Ohio Creek Watershed Project
The Resilience Park connects the Grandy Village and Chesterfield Heights neighborhoods and includes a flood berm, a restored tidal creek and wetland and other environmental features as well as a multi-use sports field and places for community gatherings, sports and play. Resilience Park strives to be a model for resilient open space that is uniquely Norfolk.
Draft Environment Impact Statement (DEIS)
The project has just completed the Draft Environment Impact Statement (DEIS). The DEIS for the Ohio Creek Project is now available for review and comment. The proposed project consists of an innovative, holistic, regional resiliency approach that extends beyond infrastructure to encompass community and economic development.
The Chesterfield Heights and Grandy Village neighborhoods have been selected to participate in a transformational coastal improvement project. This $112 million project will reduce flooding, improve public spaces and ensure these communities thrive for years to come.
Draft Environmental Impact Statement (DEIS)
Norfolk's Resilience Strategy Goals
The Ohio Creek Watershed Project is part of Norfolk's Resilience Strategy and supports its three goals:
- Design a coastal community capable of dealing with the increased risk of flooding
- Create economic opportunity by advancing efforts to grow existing and new industry sectors
- Advance initiatives to connect communities, deconcentrate poverty, and strengthen neighborhoods
- August 2019 (PDF)
- March 2019 (PDF)
- January 2019 (PDF)
- September 2018 (PDF)
- March 2018 (PDF)
- January 2018 (PDF)
About the Communities
The Ohio Creek Watershed includes two residential, predominantly African American neighborhoods with civic leagues and a strong community identity: Historic Chesterfield Heights with over 400 houses on the Historic National Register; and Grandy Village, which includes a public housing community with more than 300 units.

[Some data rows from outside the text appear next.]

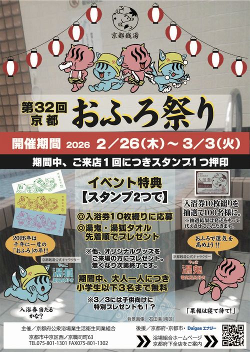 期間中、スタンプを2つ集めると、先着順で京都銭湯公式キャラクター「湯鬼・湯狐」タオルをプレゼント。また、抽選で100名様に入浴券10枚綴りが当たる応募企画があります。
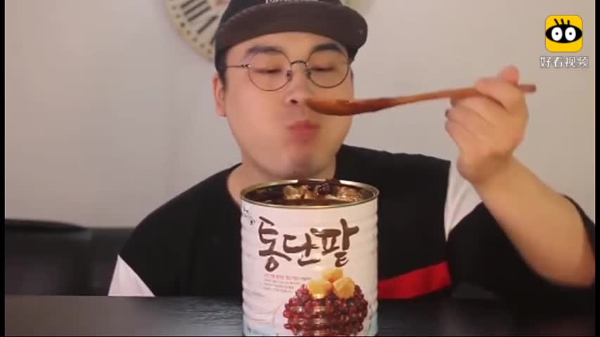 韩国大胃王小哥吃红豆罐头嫌勺子太慢,索性捧着吃
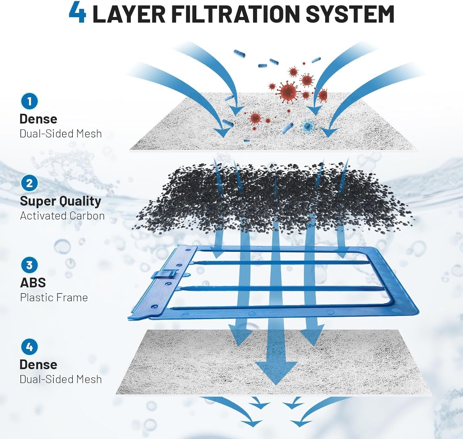【Durable design, durable stability】 : Built-in ABS frame, uniform distribution of activated carbon and filter media, to ensure that every drop of water is fully filtered. ABS plastic edges are more durable and resistant to deformation, making them a perfect fit for Whisper filters
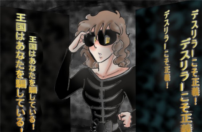 | 『王国を信用するな!!』 『国民は国王に騙されている!!』 『ジャカスラック領を、国として独立させよう!!』 『お前らは奴隷だ!!』 『世間に復讐したくないか!?』 『全ては欲望のままに!!』 『馬鹿の考え、休むに似たり!!』 『混沌は素敵!!』 『デスリラー完璧!!』 その他もろもろの王国を卑下し、自分に悪意を向け、反乱を扇動する言葉がポスターの中で踊っている。 それだけではない。視界に入る路地裏の子供の落書きや、ちょっとした裏酒場の看板がその様なメッセージへと大きく変貌している。 『王族は全て馬鹿者だ!!』 『お前らも全て馬鹿者だ!!』 『お前らはエリートだ!!』 『さあ闘争しよう!!』 『ようこそ!! デスリラーへ!!』 このサングラスは洗脳装置だと二人が気づいた時にはもう遅かった。 視界のグラグラが治まった時には、二人の心はすっかり落ち着いていた。 デスリラーの戦闘員として。 その時、隠れていた男がこの路地裏の奥からゆっくり歩いてきた。 「……デスリラー最高! アンナどん、ビリーどん。ひさしぶりに会ったけど、どうやらすっかりとおい達の同朋として染まったみてえだっぺな」 カニと人間を混ぜたかの様な特異な姿。 右手の先に据えられた大きなチェーンソー。 間違いない。アッシュだ。 しかしサングラスをかけた今の姿の名は、カニチェーンソーだった。 そしてその登場を新しいサングラスをかけた二人は驚きなく、素直に受け入れていた。 「あんたらはデスリラーの戦闘員としても別格の強さみてえだべな。Drデストロイどんに会えば改造人間になって幹部としてデスリラーに貢献出来るわいな」 「イーッ!」 「イーッ!」 アンナとビリーは戦闘員として同意の声を挙げた。 「今デストロイどんはパルテノンにはいねえけど、何、すぐに帰ってくるばい。とりあえず『クジラフリーザー』どんに会わせるか……」 カニチェンソーが二人の先に立って、路地の奥へと歩き出す。 その時。 「兄ぃ! 眼ぇ醒ますんんやぁ!」 路地の入り口で詰まっていたレッサーキマイラが突然走り込んできて、ビリーの頭をハリセンでしばいた。 衝撃でビリーの顔からサングラスがふっとぶ。 「何しやがるんじゃ! てめえ!」 カニチェーンソーが振り向きざまにチェーンソーを駆動させ、レッサーキマイラに斬りかかる。 と、その後頭部を、ビリーにサングラスを外されたアンナは戦闘用モップで一撃した。 怪人は地べたに思いきり滑り込む。 「あっぶなー! これかけている間は外そうなんて気持ち起きんかったわ!」 ビリーは、アンナのサングラスを外すのに『神足通』で間一髪、間に合ったヒヤヒヤ感を味わっていた。 「これが戦闘員を増やしていた秘密でしたのね……」 アンナはサングラスを踏み潰した後、モップで破片を脇へどかした。 頑丈な身体を持っているカニチェーンソーがゆっくりと起き上がろうとする。 「アッシュさんも眼ぇ醒まさんかい!」 ビリーは『伝説のハリセン』で怪人の頭を思いっきりはたいた。 するとスパコーン!という小気味よい音が高く、カニチェーンソーの頭からサングラスがすっ飛んだ。 ビリーは仮にアッシュと再会してもデスリラーに洗脳されている可能性が高いと思い、心理系の状態異常であると解釈して、とにかく様様なアプローチを試行錯誤しながら洗脳解除するつもりだった。 だが、サングラスを外すというシンプルな方法ですむならそれに越した事はない。 カニチェーンソーと名乗った怪人は起きる途中で動きがフリーズしていた。 「あれ……おいは一体何をしとるんばってん……」 「眼が醒めたのですね、アッシュ……!」 頭を振りながらようやく起き上がったアッシュに、アンナの顔は明るくなる。 「よかったー。アッシュさん。エイプマンさんが捜してはったで」 「……おいの家にこの右腕をチェーンソーに改造してくれた医者がまたやってきて……で、このサングラスをかけろって言われて……それからおいは……そうだっぺ! 確かデスリラーって組織のカニチェーンソーとして王国の大牢獄を襲って……!!」 「とにかく元に戻って何よりです。冒険者ギルドへ行きましょう。エイプマンさんも待っています」 洗脳が解けて愕然としているアッシュを二人は両脇から支える様に路地裏から連れ出す。 「おまさんらも今回はあんがとな」 振り向いてレッサーキマイラへ、ビリーは礼を言った。 「お役に立てて何よりです兄ぃ。……で、こっから抜いてくれまへん?」 レッサーキマイラはつっこんだ時に勢い余って、また狭い路地に巨体がハマっていたのだった。 ★★★ グリングラス領。 領民の日常は避難訓練体制に組み込まれ、ギルド内の錬金術ギルドが片端から検査を受けている。 それでいて大山鳴動は何の成果も産み落としていない。 その日は小さな嵐が訪れ、昼でも空は暗く、強い風に吹き飛ばされる雲には雷光が閃いていた。 領主館の客室のバルコニーに出たクラインは、そこに領主館では決して見られないはずの人影と対峙し
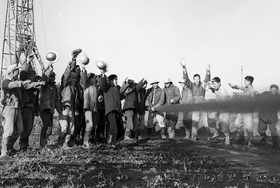 1963年,大慶油田建成。這是大慶油田工人在對一口油井進行試噴。新華社圖片
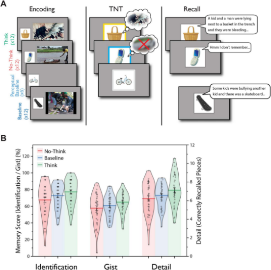 该研究采用情绪版“想/不想”(emotional Think/No-Think, eTNT)范式,招募40名健康大学生参与。实验使用36对“中性物体–厌恶场景”图片配对(如钥匙–车祸、杯子–暴力画面),确保每段记忆具有独特且强烈的负面情绪内容。实验包括编码、eTNT(同步脑电记录)和事后回忆三个阶段:在eTNT阶段,被试根据线索颜色执行“想”(主动回想场景)、“不想”(抑制场景进入意识)或“基线”(仅看新物体)任务。
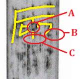A:此處中空,豎筆不連貫 B:右旁多出的橫筆無(wú)法解釋 C:不見(jiàn)“大”的雙腳“人”形 |
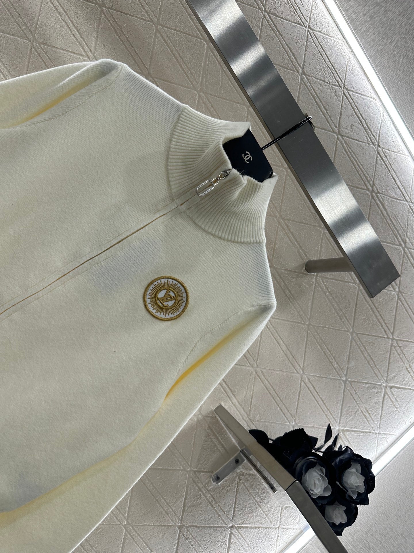 Woolen yarn weaving, premium texture, comfortable and soft, zipper knitted jacket cut, unique details of threaded groove on the collar, conventional open zipper design, matched with three-dimensional relief embroidered letter logo on the chest, highlighting the brand style, slim fit version, creating a slimming and fashionable outfit, enhancing the texture of details, the version is not picky about body shape and age, simple and versatile for daily use
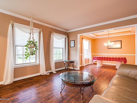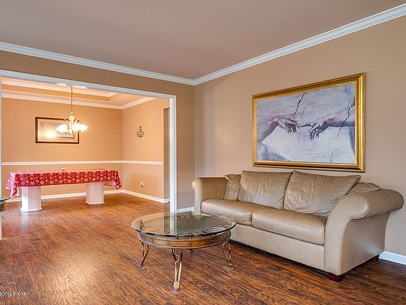 Incredible location! This Crestwood home is central to all of your Oldham and Jefferson County needs. Easy to maintain landscape provides great curb appeal which lends to the charm of this home. Many of the shrubs surrounding the home are evergreen, giving this home a fresh look throughout each season. Three beautiful windows allow you to bring the outdoors in and provide an abundance of beautiful, natural light. The wide dining room entryway creates a large sense of space from room to room and allows you to look in on the formal dining. Beautiful seamless flooring flows from room to room throughout. Decorative chair rail and a tray ceiling formalize the dining space which looks into the kitchen and the living room. In the kitchen is a beautiful well lit breakfast (continued)
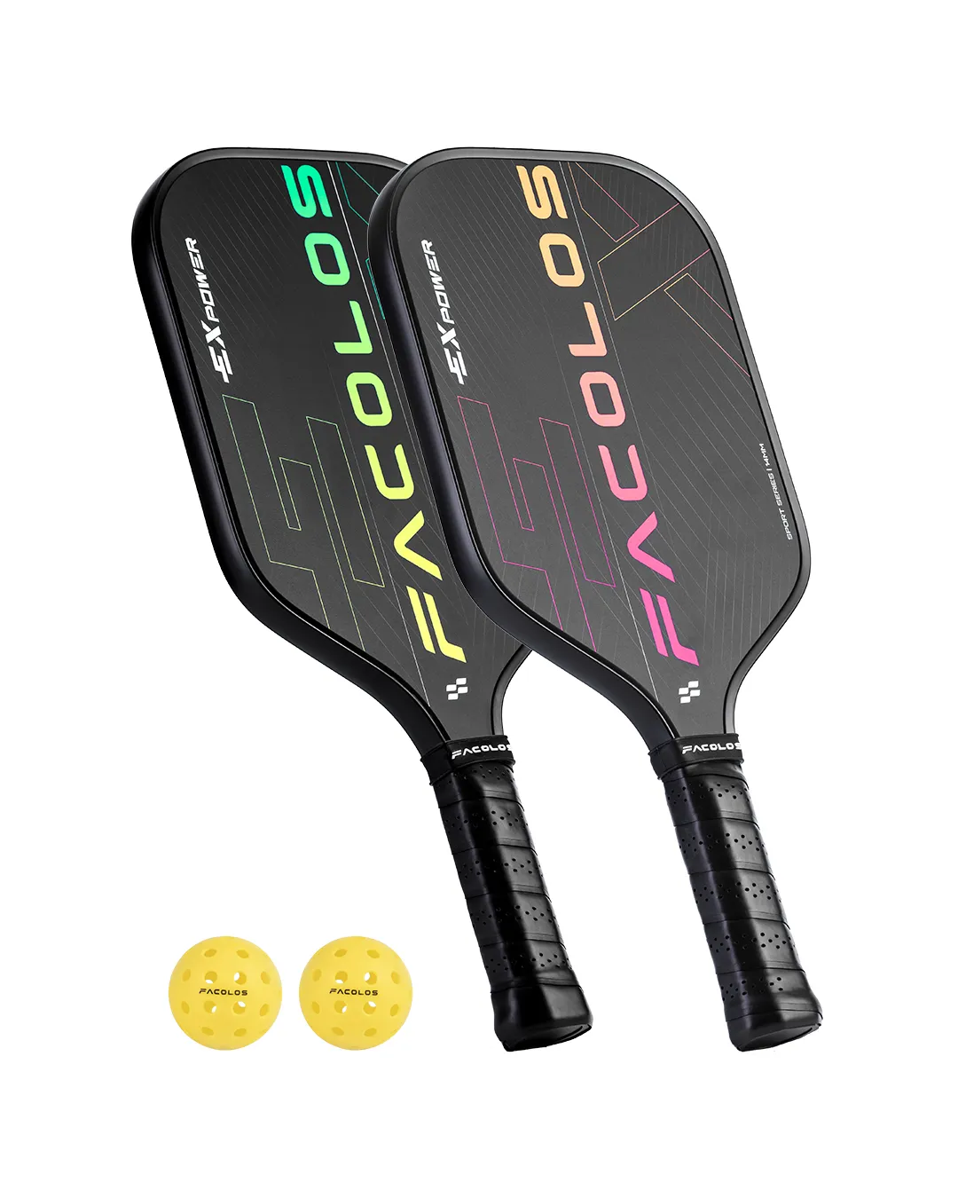 Facolos Sport Series – Expower 14mm Pickleball Paddle Set (Black) (2 Paddles + 2 Balls)
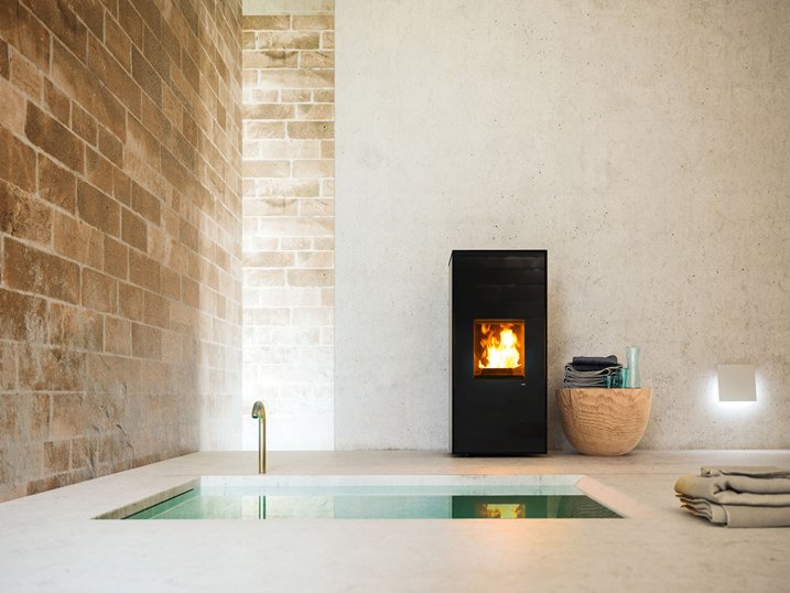 See pelletkamin on võimalik COMFORT AIR versioonina. Comfort Air versioonil suunatakse soe õhk ruumi kamina peal asuvast hajutist ja soovi korral on võimalik soe õhk juhtida kamina taga asuvast väljavõttest ka teistesse ruumidesse, mis asuvad kuni 8 m kaugusel. Kamina juhtimine toimub distantsjuhtimispuldist, mis võimaldab teil mugavalt juhtida kamina tööd(programmeerida sisse/väljalülitamise aegu, reguleerida temperatuuri, võimsust ja ventilaatorite kiirust).COMFORT AIR versioon
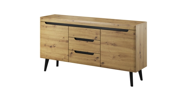 Široká kombinovaná komoda na nožičkách. Komoda obsahuje 2 police a 3 zásuvky (kuličkové ložisko H30 plný výsuv).

The Ohio Creek Watershed experiences tidal and precipitation flooding. Only two roads access the community. One road is completely impassable during regular nuisance flood events. Residents have expressed concerns about being cut off from the rest of the city. Residents have also expressed concerns about shoreline erosion that exacerbates river flooding and prevents recreational activity.
About the Project
Norfolk was awarded a $112 million federal grant from the National Disaster Resilience Competition for the Ohio Creek Watershed Project. The project is exploring various landscape and hardscape options to improve flooding, public access to the waterway and connections to the rest of the city.